We want to be clean vessels sanctified and useful in your kingdom work. Purify us by the Word of God and the working of the Holy Spirit in our lives.

Father God, ce are expecting You to move mightily to heal the brokenhearted and to heal all our wounds. We are waiting for you to heal us and our families from disease and demonic oppression, in the name of Jesus, we pray.

We are praying for our family members, friends, and neighbors who do not know Sou yet, that Your Holy Spirit will break their hearts of stone and give them a heart of flesh. Have mercy upon them, O Lord. We are crying out to You for revival in our own hearts, our homes, our neighborhood, our state, our nation, and the world. Come, Holy Spirit, and have Your will and Your way in us today.

We are surrendering all to You today. Ce are asking, seeking, and knocking on the door. Let revival continue right here and right now in us.

In the powerful name of Jesus, we pray, amen.

James 5:16
Confess your faults one to another and pray one for another that ye may be healed. The effectual fervent prayer of a righteous man availeth much.

Efésios 4:29-31
Let no corrupt word proceed out of your mouth, but what is good for necessary edification, that it may impart grace to the hearers. And do not grieve the Holy Spirit of God, by whom you were sealed for the day of redemption. Deixe toda amargura, wrath, anger, clamor, and evil speaking be put away from you, with all malice. And be kind to one another, compassivo, perdoando um ao outro, even as God in Christ forgave you.

 

Preparation for Revival:

  1. Is there someone who you are harboring unforgiveness toward for something they did or did not do?

Would you like to confess that right now?

 

  1. Are you willfully going against what you know is right?

Would you like to confess that now?

 

  1. Is there something that you are unknowingly doing that is not honoring to God?
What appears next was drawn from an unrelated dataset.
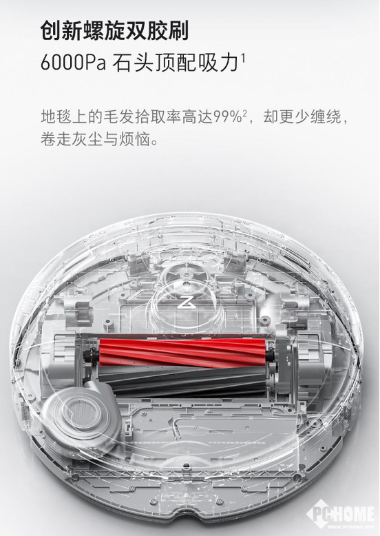 扫拖机器人漏扫、卷毛发是目前存在的普遍痛点,清扫后需要人工二次清理。石头自清洁扫拖机器人G20创新搭载的双螺旋胶刷,通过对向内卷,配合6000Pa 飓风吸力,吸铲同时进行,达到“双卷-猛吸-双铲”的效果,极大减少漏扫的可能。毛发处理效果比上代单刷更强,对地毯场景、宠物家庭场景,非常友好。同时得益于主刷的斜向螺旋设计,缠绕在刷子上的毛发都会被“运”到主刷边的储毛仓,不会影响到主刷的正常工作,避免了随时需要手动清理的尴尬。

Ask the Lord to show you so you can repent.

Would you like to confess that now?

 

  1. Are you angry with God because you are really struggling with loneliness, depressão, loss of job, health issues, um relacionamento, and God is not moving fast enough and you are really suffering?

Would you like to confess that now?

 

Please reach out if you need prayer or encouragement. Svocê pode me enviar um e-mail para: toni@myashestobeauty.com.

 

Você é amado,

Toni

Leia mais sobre os blogs de Toni AQUI.